Use row reduction to show that the determinant is equal to this variable.

Question

Show determinant of: \begin{pmatrix}1&1&1\\a&b&c\\a^2&b^2&c^2\end{pmatrix}

is equal to $(b - a)(c - a)(c - b)$

I'm not sure if you can use squares or square roots hmmm.. please help me. I'm sure it's a simple question. Much appreciated.

Answer 1

We see immmediatley that the determinant is a polynomial in $a,b,c$, homgenous of degree $3$. And if $a=b$ or $b=c$ or $c=a$, two columns are identical and make the determiniant zero.

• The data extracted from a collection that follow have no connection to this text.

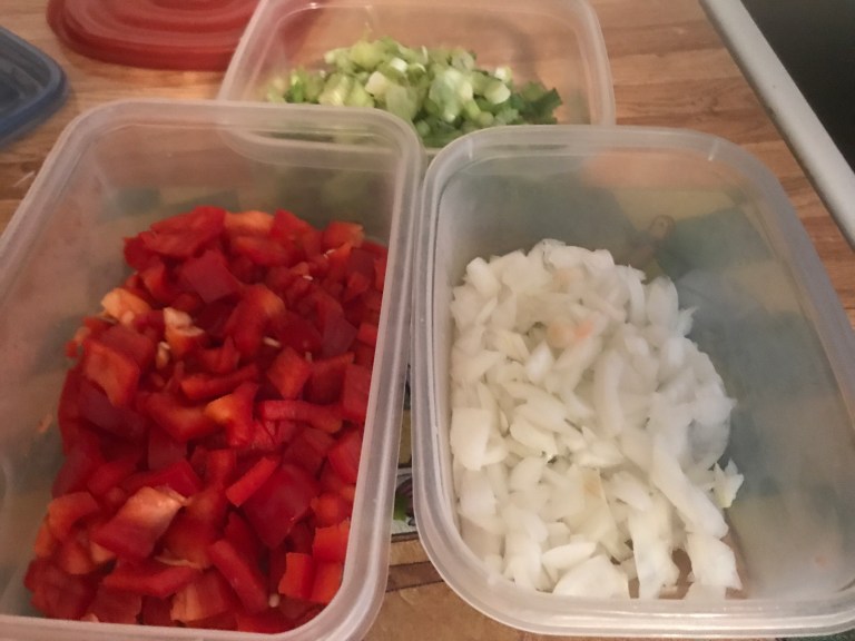 Dice the vegetables (spring onion, red bell pepper, 1/2 white onion)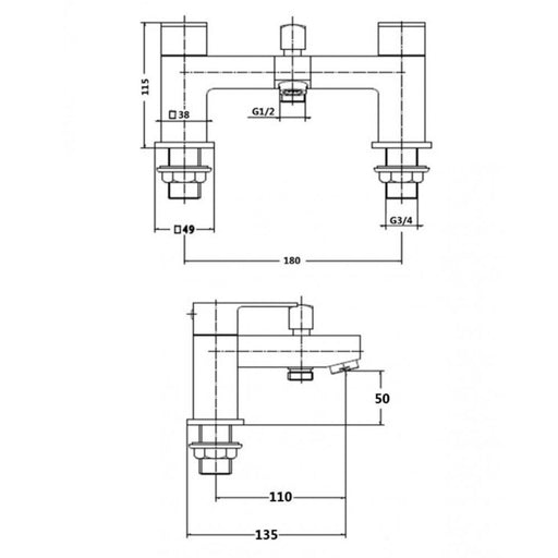 View full detailsVado T Square Bath Shower Mixer - Chrome
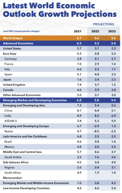 IMF预测,今明两年全球经济增长预期遭下调。IMF将2022年全球经济增长预测从4.4%降至3.6%,将2023年全球经济增长预测从3.8%降至3.6%。

On the other hand, if $a,b,c$ are pairwise distinct, the determinant must be nonzero as any vanishing linear combination of rows would result in a quadratic polynomial having three roots $a,b,c$. If these arguments are not convincing enough, just employ Gauss's algorithm: $$\begin{align}\det\begin{pmatrix}1&1&1\\a&b&c\\a^2&b^2&c^2\end{pmatrix} &=\det\begin{pmatrix}1&1&1\\0&b-a&c-a\\0&b^2-a^2&c^2-a^2\end{pmatrix}\\ &=\det\begin{pmatrix}1&1&1\\0&b-a&c-a\\0&0&c^2-a^2-(b+a)(c-a)\end{pmatrix}\\ &=(b-a)\cdot(c^2-a^2-(b+a)(c-a))\\ &=(b-a)(c-a)(c+a-(b+a))\\&=(b-a)(c-a)(c-b) \end{align} $$

Answer 2

The determinant of such a matrix is a third-degree homogeneous polynomial in $a,b,c$ that vanishes when $a=b,a=c$ or $b=c$, hence: $$ \det M = K (b-a)(c-a)(c-b) $$ for some constant $K$. To find the value of such a constant, it is sufficient to compute the determinant of $V$ for $(a,b,c)=(1,2,3)$, for instance.

Answer 3

Subtracting $\DeclareMathOperator{Col}{Col}\Col_1$ from $\Col_2$ and $\Col_3$ gives $$ \begin{pmatrix} 1 & 0 & 0 \\ a & b-a & c-a \\ a^2 & b^2-a^2 & c^2-a^2 \\ \end{pmatrix} = \begin{pmatrix} 1 & 0 & 0 \\ a & b-a & c-a \\ a^2 & (b+a)(b-a) & (c+a)(c-a) \end{pmatrix} $$ The determinant is then \begin{align*} (b-a)(c+a)(c-a)-(c-a)(b+a)(b-a) &=(b-a)(c-a)(c+a-b-a) \\ &=(b-a)(c-a)(c-b) \end{align*} Of course, if you'd rather use row operations then you could consider the transpose and use the fact that $\det(A^\top)=\det(A)$.

Answer 4

Just expand over the first row. Call your matrix A.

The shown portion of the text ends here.